What incrementality testing confirmed was that the new customers coming through Snapchat were genuinely new. “The incrementality showed that we were not just cannibalizing consumers who were already going to convert,” Kaylie said. “That was quite eye-opening. It really changed our philosophy on upper-funnel marketing – realizing that you can actually measure it, and properly attribute return on investment.”

That clarity, she noted, was “incredibly valuable to leadership.” The internal case for upper-funnel investment often stalls not because leadership is opposed in principle, but because no one has shown them numbers they trust.

The Snapchat Audience Was Different

Beyond the attribution findings, Snapchat itself delivered something Travelpro had not expected: a meaningfully different consumer profile. “We quickly realized we were attracting a completely different type of consumer,” Kaylie said.

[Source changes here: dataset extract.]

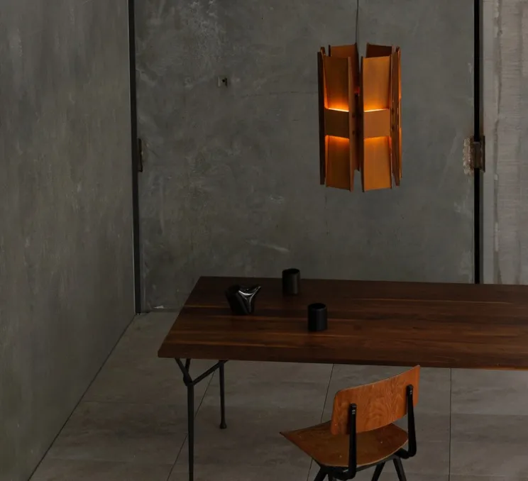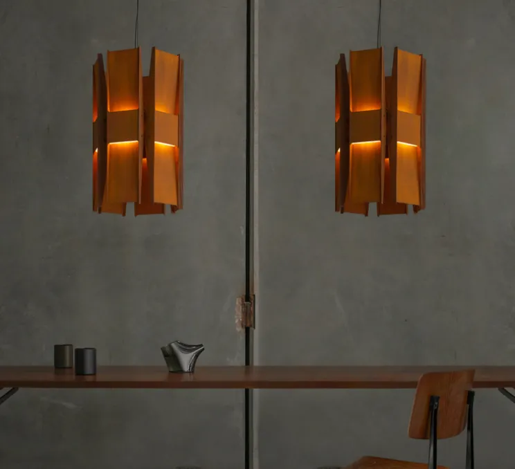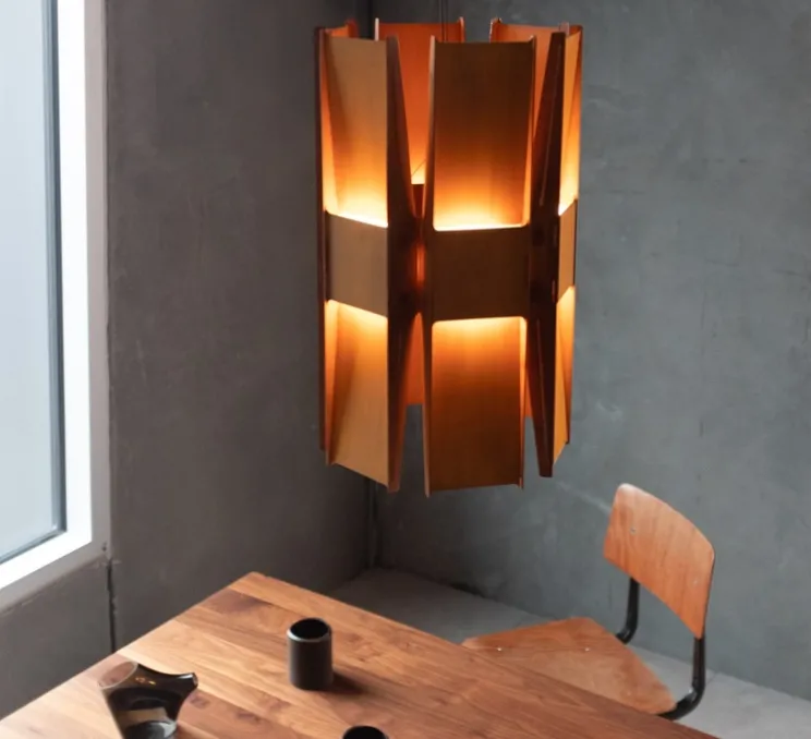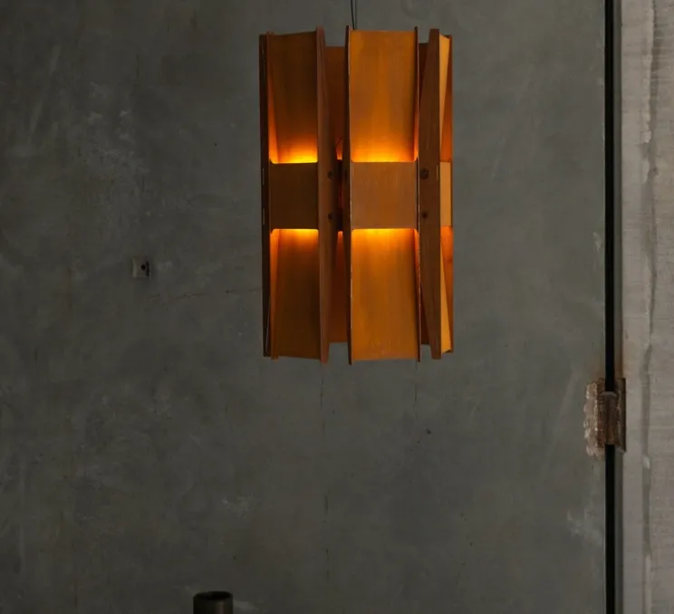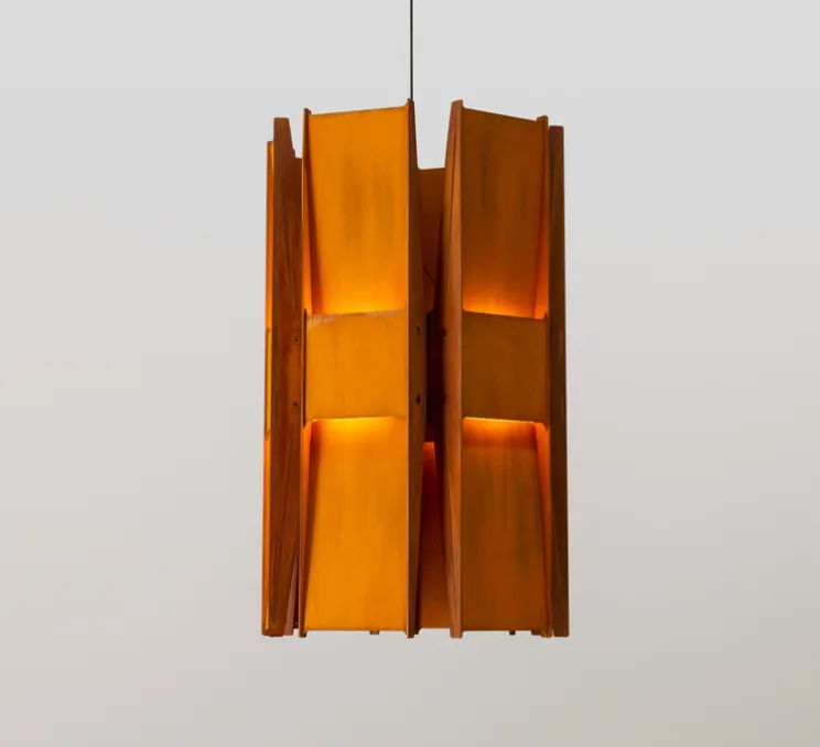 Découvrez la suspension à 6 panneaux Vector, finition rouille, imaginée par le célèbre designer Lukas Peet pour la maison canadienne A-N-D.

The content that worked was low-fidelity and easy to produce, which also made it easier to repurpose across other channels.

The audience fit mattered strategically. Younger families represent a demographic Travelpro is actively trying to reach – people whose travel habits are forming, whose purchase decisions are not yet locked in, and who could become long-term customers if the brand shows up early enough. Snapchat, in Travelpro’s experience, was where that audience actually was.

The pendulum question — brand building versus performance — does not have a clean answer for Kaylie. She described a rough 70-30 lean toward performance, reflecting Travelpro’s heritage as a product-led brand. But she was clear that the emotional dimension of the product matters and cannot be optimized away.

“People genuinely care about and love our brand,” she said. “They want to stay connected to it.”

A Legacy Brand Earns Its Next Audience

The through-line of Kaylie’s approach is less about any single channel decision and more about sequencing: understand the consumer journey first, then identify where the brand is absent and what it would take to show up meaningfully. Her framing of the team’s current priority:

“Authentically getting our product in the hands of people who are really going to share, rather than top-down.”

For a brand that built its reputation through professional word-of-mouth, that instinct is familiar. The execution, in an era of Snapchat pilots, incrementality models, and full-funnel measurement, looks very different from what it did a decade ago.

A hundred years of brand equity is not a marketing strategy. What Travelpro is building now is the infrastructure to convert that heritage into something the next generation actually encounters before they are standing in an airport, bag in hand, too late to be a new customer.